I keep posting the same stuff because there are new eyes every day and posters like yourself don't read the information correctly. Quit reading the PRs, or if you do verify with the filings. The two financing notes can convert from date issued according to the notes themselves. The 8K SEC links for the May and June financing is broken now for some reason but you can still see the Q2 filing. The Q2 filing language that I provide is a change and pushed the conversions to early November which is 180 days out for the first note. The 12 month maturity to May 2022 is when the default language kicks in. So given the 180 day delay they will have 6 months to convert that $780K at a steep discount to market with the price protections if the stock isn't trading above a penny. If you want to complain to someone I would reach out to the company and email what I am posting and ask why the SEC links are broken.

SEC links to the pertinent information are broken on the SEC site.
https://sec.report/Ticker/GRST



https://sec.report/Document/0001721868-20-000600/

"On November 30, 2020, the Company entered into a Securities Purchase Agreement with Labrys pursuant to which the Company issued a convertible promissory note in the aggregate principal amount of $275,000.00 for net proceeds of $239,050.00 after an OID of 27,500.00 and legal and brokerage fees of $8,450.00. The note has a maturity date of November 30, 2021 and bears interest at 12% per annum...."
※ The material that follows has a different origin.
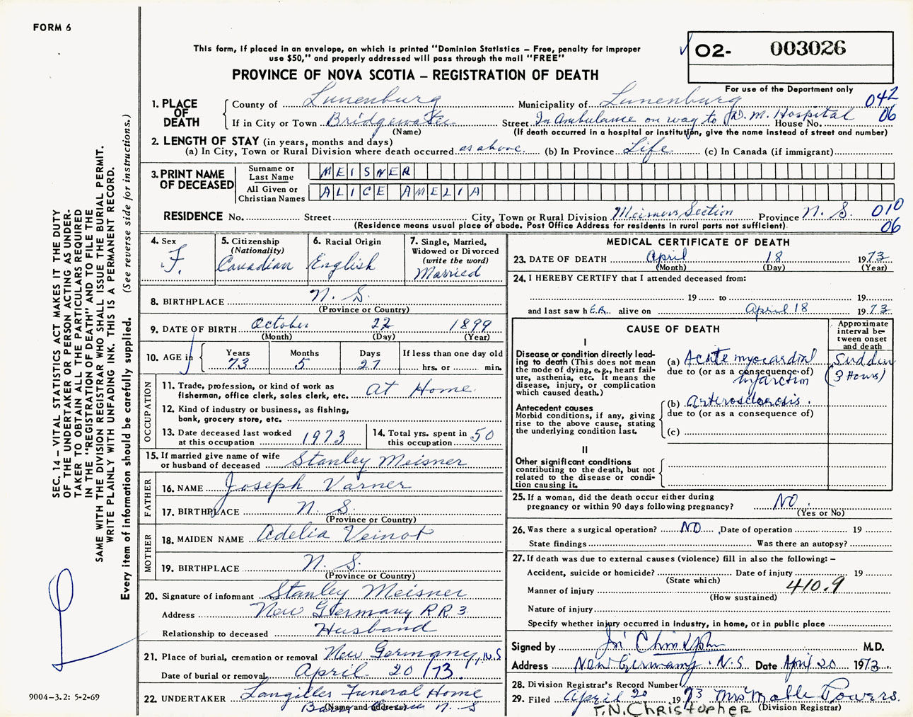 Female Death Registration: Year: 1973 number: 3026
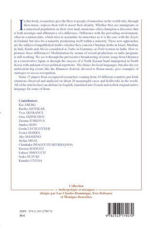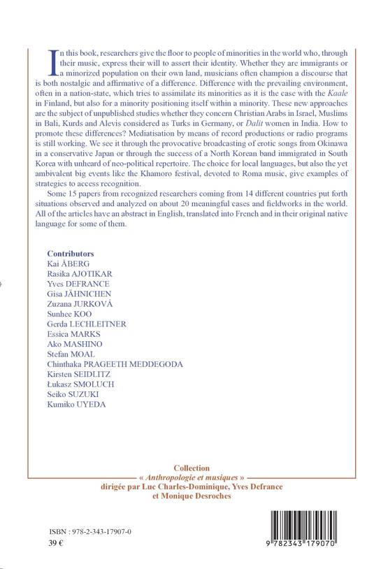 In this book, researchers give the floor to people of minorities in the world who, through their music, express their will to assert their identity. Whether they are immigrants or a minorized population on their own land, musicians often champion a discourse that is both nostalgic and affirmative of a difference. Difference with the prevailing environment, often in a nation-state, which tries to assimilate its minorities as it is the case with the Kaale in Finland, but also for a minority positioning itself within a minority. These new approaches are the subject of unpublished studies whether they concern Christian Arabs in Israel, Muslims in Bali, Kurds and Alevis considered as Turks in Germany, or Dalit women in India. How to promote these differences ? Mediatisation by means of record productions or radio programs is still working. We see it through the provocative broadcasting of erotic songs from Okinawa in a conservative Japan or through the success of a North Korean band immigrated in South Korea with unheard of neo-political repertoire. The choice for local languages, but also the yet ambivalent big events like the Khamoro festival, devoted to Roma music, give examples of strategies to access recognition.

https://sec.report/Document/0001721868-21-000524/

"On May 7, 2021, the Company, entered into a Securities Purchase Agreement with Labrys, pursuant to which the Company issued a Convertible Promissory Note in the aggregate principal amount of $550,000 for net proceeds of $477,700 after an original issue discount of $55,000 and certain legal expenses of $17,300. The Note has a maturity date of May 7, 2022 and bears interest at the rate of eleven percent per annum from the date on which the Note was issued until the same became due and payable, whether at maturity or upon acceleration or by prepayment or otherwise. The Company has the right to prepay the Note in terms of agreement. The outstanding principal amount of the Note was convertible at any time and from time to time at the election of Labrys during the period beginning on the date that is 180 days following the issue date into shares of the Company’s common stock at a conversion price equal to $0.005, subject to anti-dilution adjustments."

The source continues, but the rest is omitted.